- Bani Saleh Rural District Location within Iran
- Coordinates: 31°17′04″N 47°53′45″E﻿ / ﻿31.28444°N 47.89583°E
- Country: Iran
- Province: Khuzestan
- County: Hoveyzeh
- District: Neysan
- Capital: Yazd-e Now

Population (2016)
- • Total: 4,327
- Time zone: UTC+3:30 (IRST)

= Bani Saleh Rural District =

Rural district in Khuzestan province, Iran

Bani Saleh Rural District (دهستان بني صالح) is in Neysan District of Hoveyzeh County, Khuzestan province, Iran.
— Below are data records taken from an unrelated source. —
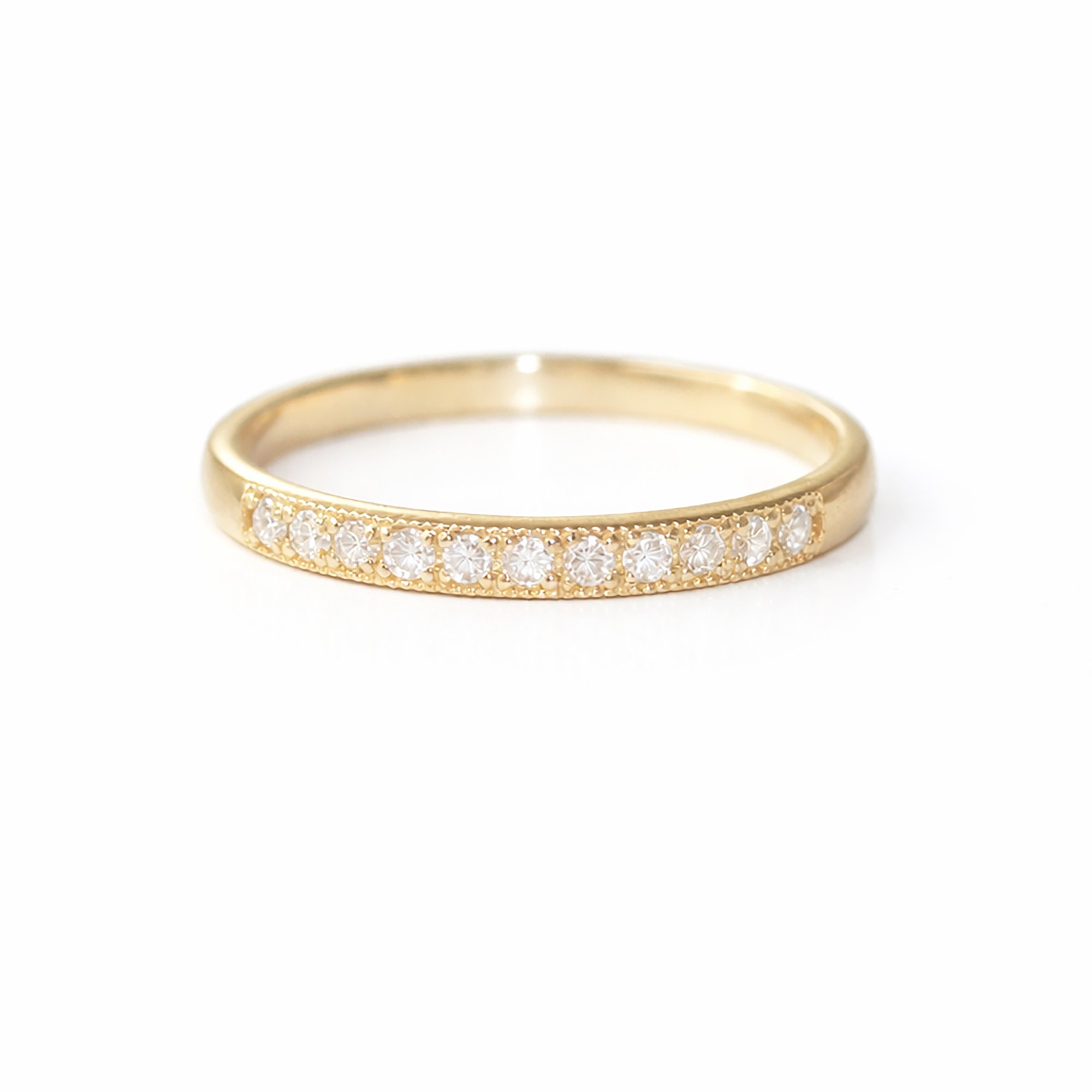 Whispers of the past meet modern grace — a detailed milgrain texture frames a white diamond, creating timeless beauty with subtle brilliance. A perfect complement to your ring stack, yet luminous enough to wear on its own.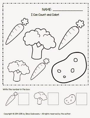 Proszę wydrukować kartę pracy. Dzieci mają policzyć i wpisać liczbę warzyw, a następnie pokolorować obrazek. Proszę, aby dzieci ćwiczyły nazwy warzyw, które kolorują (carrot, broccoli, potato).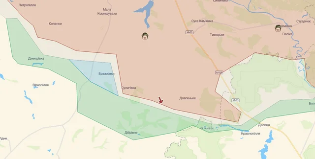 Село Бражковка в Харьковской области, которое находится на Славянском направлении боевых действий, вероятно уже под контролем ВСУ. Такой вывод можно сделать из карты боевых действий, которую составляет мониторинговая группа DeepState.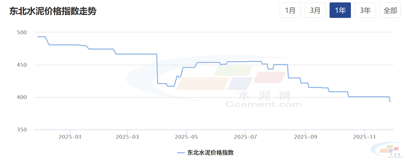 东北:东北地区水泥市场基本结束,仅剩少数室内项目尚有零星需求,整体市场弱稳,进入有价无市状态,价格调整意义不大。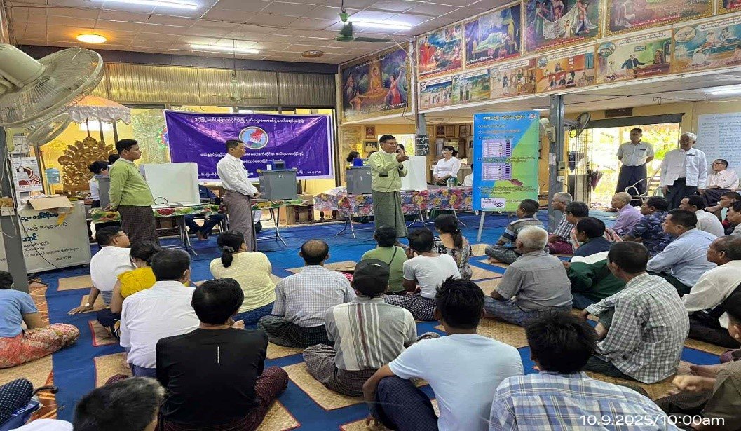 ၂၀၂၅ ခုနှစ်၊ စက်တင်ဘာလ ၁၀ ရက် နံနက် ၁၀ နာရီတွင် ရန်ကုန်တိုင်းဒေသကြီး၊ ဒဂုံမြို့သစ် ခရိုင်၊ ဒဂုံမြို့သစ်(မြောက်ပိုင်း)မြို့နယ်အတွင်းရှိ အမှတ်(၃၈)ရပ်ကွက်ရှိ သာသနာ့ပါလဓမ္မာရုံတွင် မဲဆန္ဒရှင်ပြည်သူများအား မြန်မာအီလက်ထရောနစ်မဲပေးစက်(MEVM) ကိုင်တွယ်အသုံးပြုနည်းနှင့် လက်တွေ့စမ်းသပ်မဲပေးခြင်းဆိုင်ရာ အခမ်းအနားသို့ မြို့နယ်စီမံခန့်ခွဲရေးနှင့်အုပ်ချုပ်ရေးကော်မတီ ဥက္ကဋ္ဌ မြို့နယ်အုပ်ချုပ်ရေးမှူး ဦးသန်းဝင်းနှင့်အဖွဲ့ဝင်များ၊ သက်ဆိုင်ရာတာဝန်ရှိသူများနှင့်အတူ တက်ရောက်ခဲ့ကြောင်း သတင်းရရှိပါသည်။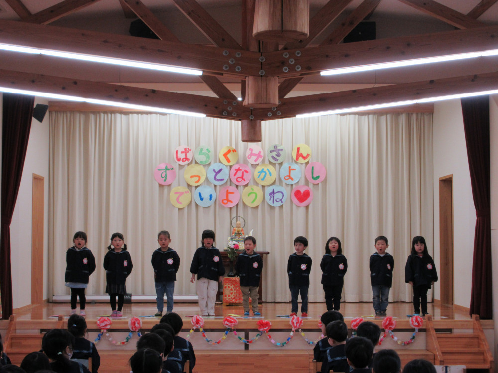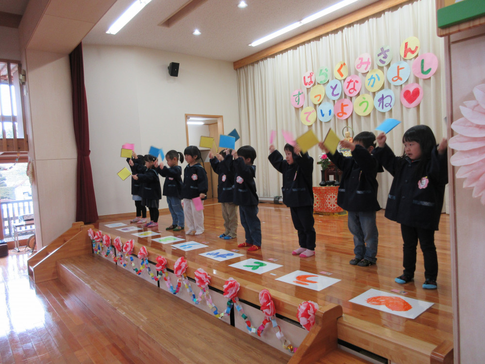 ばら組さん覚えている?のクイズを行いましたその後、ありがとうの花ばら組バージョンを歌いました緊張をしながらも頑張る姿がとってもかっこよかったです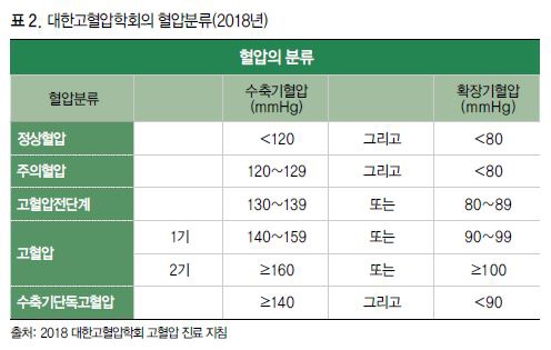 수축기 혈압 120~139㎜Hg, 이완기 혈압 80~89㎜Hg까지 올라가면 고혈압 전 단계 그 이상은 고혈압으로 진단한다.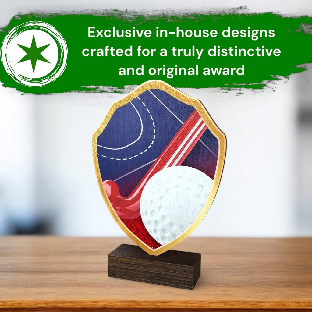 The Arden Hockey Real Wood Shield Trophy is a stylish and eco-friendly award, combining sustainability with premium craftsmanship.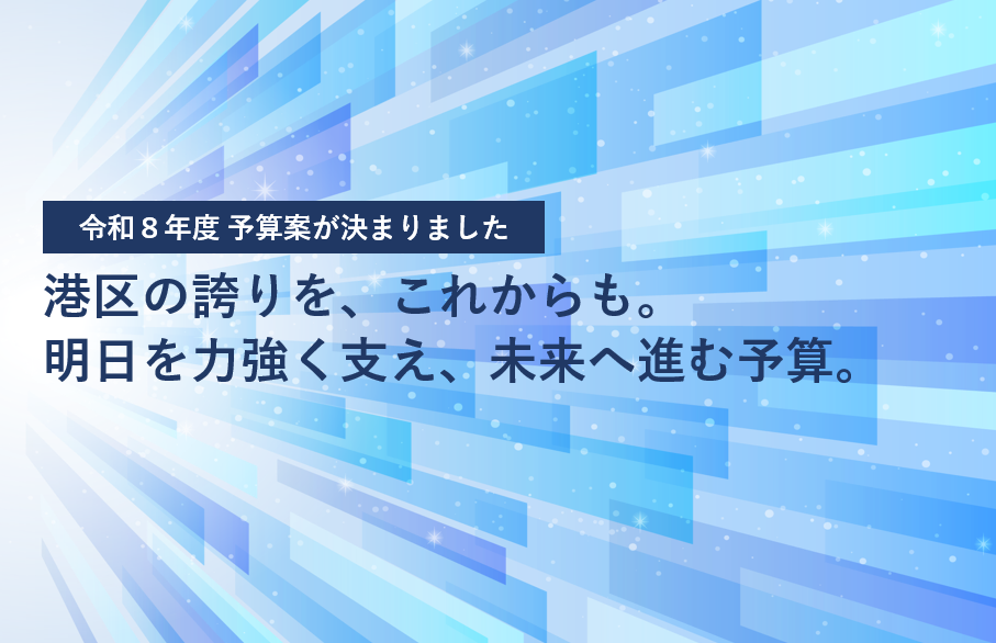 令和8年度予算は、これまでの取組をさらに前へ進めるため、「港区の誇りを、これからも。明日を力強く支え、未来へ進む予算」として編成しました。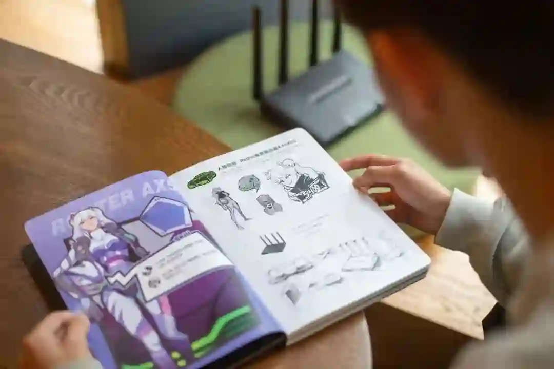 其中 Redmi 电竞路由器 AX5400 在笔记本插画中的描述是这样的:“一位好胜心极强的竞速少女,决不允许落后于人”,她的两项绝招分别是: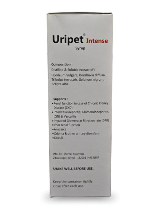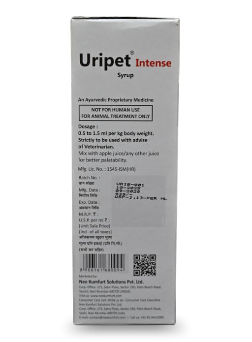 Neo Kumfurt Uripet Intense Syrup is a potent liquid supplement for dogs and cats designed to provide comprehensive support for urinary tract complications and kidney health. It functions as a urinary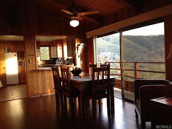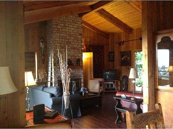 Single story home with Amazing Views! Canyon, ocean views of both Catalina and San Clemente islands that capture some amazing sunsets.This home has a cabin style feeling, open beam ceilings, brick fireplace, cedar paneling, built in cabinetry. *Second Bedroom currently being used as a den. A deck space along the back of the home, two car garage with direct access. Fenced yard with a grassy area and lush tropical landscaping. Extra large master sutie, bath has dual sinks, bathtub, a seperate shower area. In addition this home has approved plans to build a 3,400+ sq ft home.
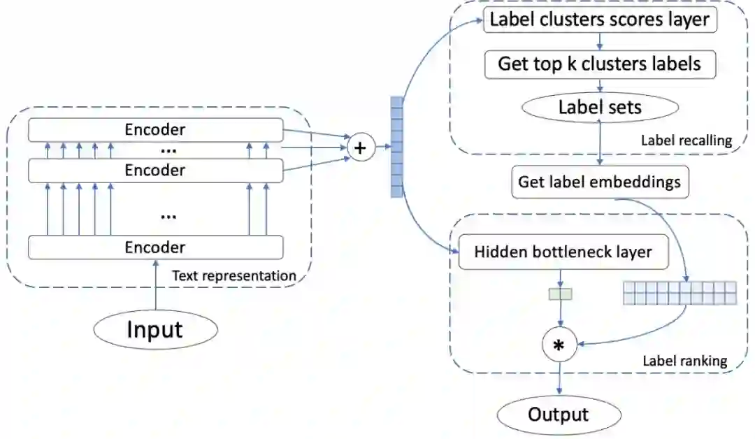 图7 X-Transformer框架。首先,语义标签索引减少了庞大的输出空间。然后在XMC子问题上对Transformer进行微调,该子问题将实例映射到标签集群。最后,在集群和转化器的输出上有条件地训练线性排名器,以便在预测的集群中对标签进行重新排名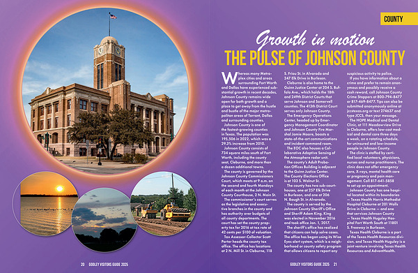 Johnson County consists of 734 square miles south of Fort Worth, including the county seat, Cleburne, and more than a dozen additional towns.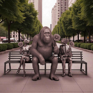 Description A captivating bronze sculpture bench invites the public into a moment of beauty and reflection as a critically endangered Tapanuli orangutan sits at the center, holding a giant flower, with Rabbitwoman and Dogman seated on either side mirroring the gesture. Together, the trio creates a scene of quiet harmony, each figure cradling their flower as if it were the most precious gift. The orangutan represents wisdom, gentleness, and the fragile balance of the rainforest it calls home. Its place at the heart of the bench underscores its role as a symbol of both vulnerability and resilience. On either side, Rabbitwoman and Dogman — Gillie and Marc’s beloved Wildlife Warriors — hold their own giant flowers, embodying guardianship and solidarity. Their openness leaves space at both ends of the bench, inviting the public to sit, join in, and symbolically become part of this circle of care. The flowers themselves carry rich symbolism. They are fragile yet radiant, reminding us of the delicate beauty of nature and the fleeting opportunity we have to protect it. In the hands of the orangutan, the flower becomes a metaphor for the rainforest itself — vital, life-giving, and in need of protection. The Orangutan Bench of Friendship becomes more than a seat — it is a symbol of kinship, reflection, and the urgent need to protect these extraordinary great apes and the forests they depend on.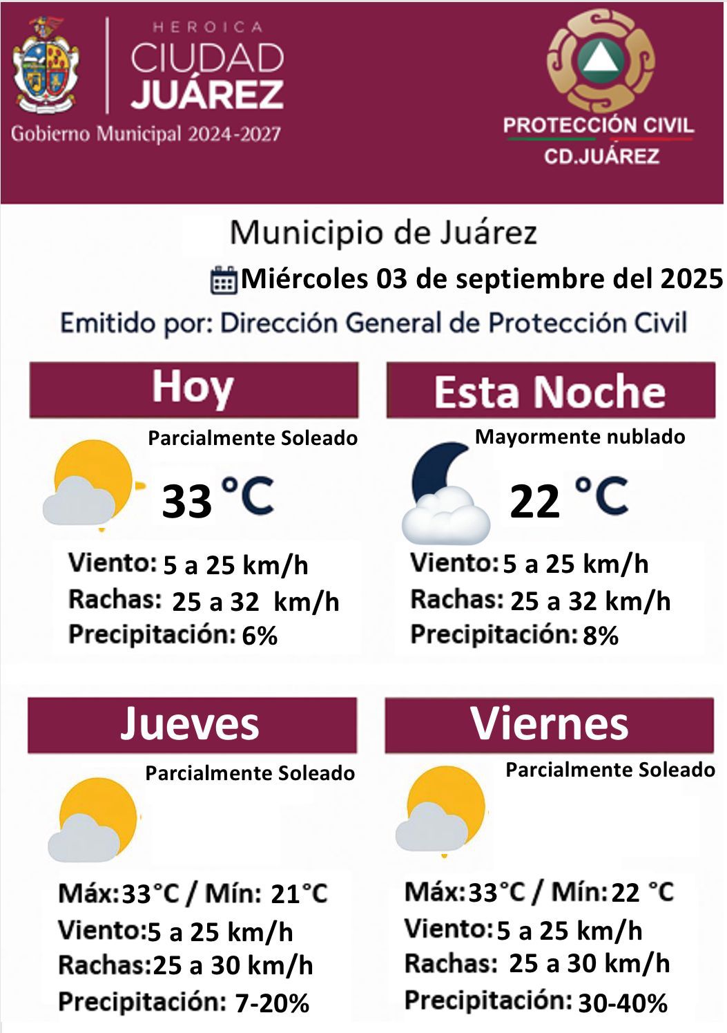 HomeREGIONALESJuárezProtección Civil emite pronóstico del clima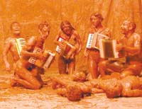 –El Wiener Festwochen nos propuso producir una obra y nos dio a leer La noche italiana, de ödön von Horvarth, un material que, aunque tiene que ver con el pensamiento progresista, no nos interesó. Como siguieron insistiendo, luego de algunas conversaciones surgió el nombre de Kraus.Nosotros conocíamos el texto y enseguida aceptamos porque pensamos que una obra que tiene mil y pico de personajes es pertinente a nuestro “mundo Periférico”: es una obra que lleva implícito un monstruo y necesita una adaptación. Así que la dividimos en dos partes: la primera tiene un clima de posguerra o post-humanidad, pero con un formato humorístico. La llamamos “Opereta apocalíptica e hidrocefálica”, en referencia a la idiotez que manifiestan los personajes de Kraus. Por otra parte, encontramos que la opereta (un género ingenuo y muy popular en Austria) tiene un estilo de música en el que, al primar el sonido del acordeón, nos permitía incluir al bandoneón como un sonido afín. Para “White room”, la segunda parte, el espacio se renueva y aparecen personajes que pueden ser sobrevivientes en un bunker o seres destinados a pruebas de laboratorio. Sobre ellos actúan unos personajes que parecen seres extraterrestres o una especie de Big Brothers orwellianos que obligan a todos a hablar en inglés.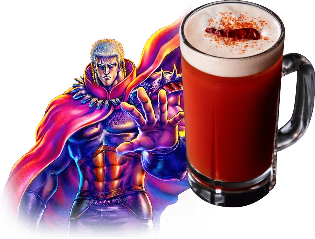 ラオウの巨体を思わせる豪快なBIGジョッキを使用。ジョッキを傾けるだけでラオウのような不敵な気分を味わえます。ビールをトマトジュースで割ったカクテル「レッドアイ」に唐辛子を加え、ラオウの燃える魂を注入。ジョッキを天に突き上げれば、かの有名なシーンを彷彿とさせる、まさに“この夜に一片の悔いなし”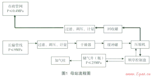 母站接收的天然氣,經(jīng)過加工,一部分加注燃氣車輛,一部分進入市政管網(wǎng),形成了兩個供氣路徑。其中,儲氣井的氣可以通過順序控制盤、壓縮機,經(jīng)過過濾、調(diào)壓、計量,進入市政管網(wǎng)(見圖l)。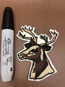 BUCK DEER Large Vintage Embroidered on Felt Sew On Animal Patch New Old Stock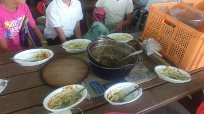 カレー作り カレーを食べて、ごちそうさまをした写真です。みんな満足感いっぱいです。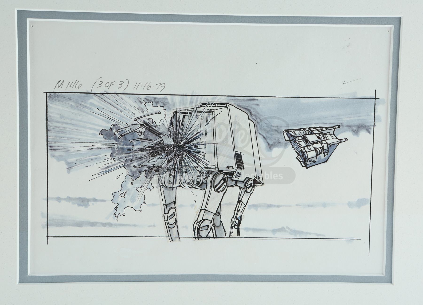 Illustrated by Industrial Light & Magic artist Dave Carson using pen and marker on paper, the first storyboard is labelled “M146 (2 of 3)”, dated “11-16-79”, and shows a rebel snowspeeder firing on an AT-AT at close range during the Battle of Hoth.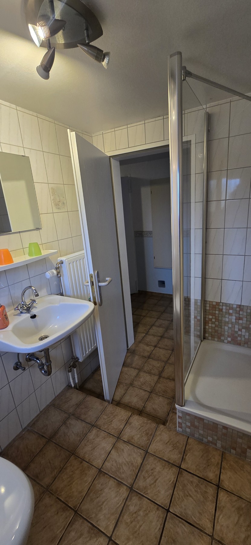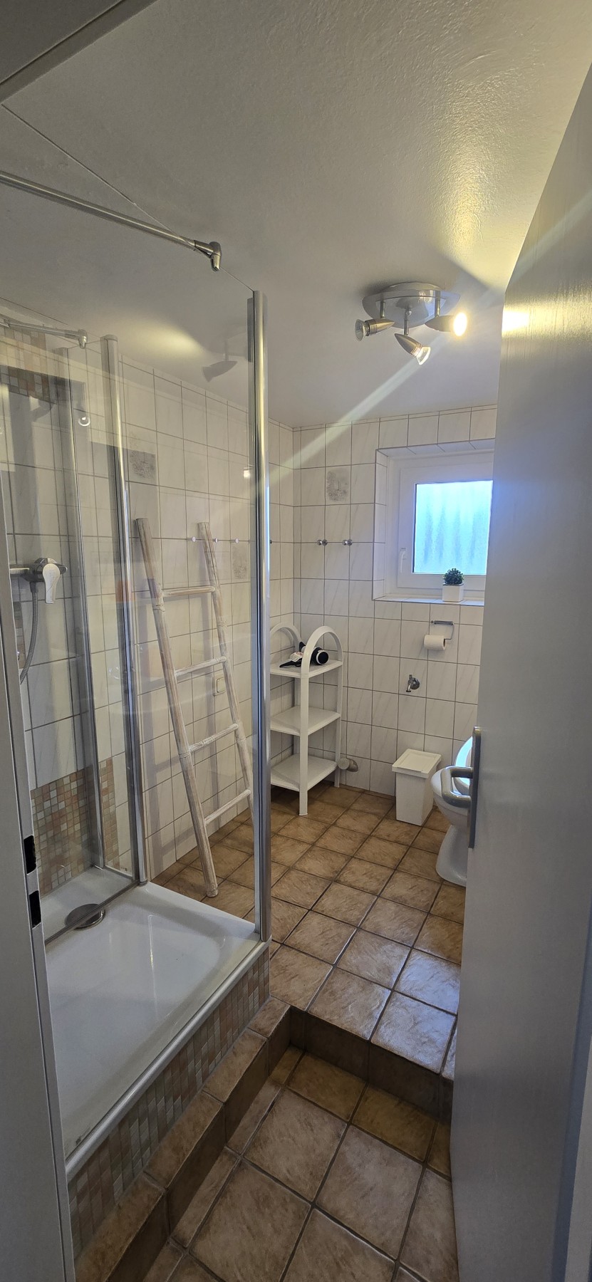 Das Badezimmer ist modern eingerichtet und verfügt über eine Dusche, ein Waschbecken und eine Toilette.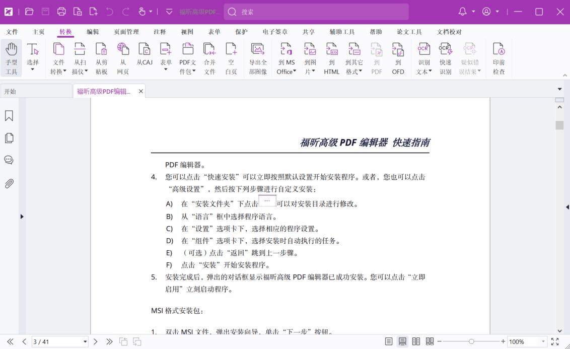 们利用福昕高级PDF编辑器打开一份文档,菜单栏包含“转换”“编辑”“页面管理”“注释”等,点击会出现相应的小功能。

Its capital is the village of Yazd-e Now.

==Demographics==
===Population===
At the time of the 2006 National Census, the rural district's population (as a part of the former Hoveyzeh District of Dasht-e Azadegan County) was 2,718 in 488 households. There were 3,342 inhabitants in 683 households at the following census of 2011, by which time the district had been separated from the county in the establishment of Hoveyzeh County. The rural district was transferred to the new Neysan District. The 2016 census measured the population of the rural district as 4,327 in 831 households. The most populous of its 54 villages was Abu Akfa, with 735 people.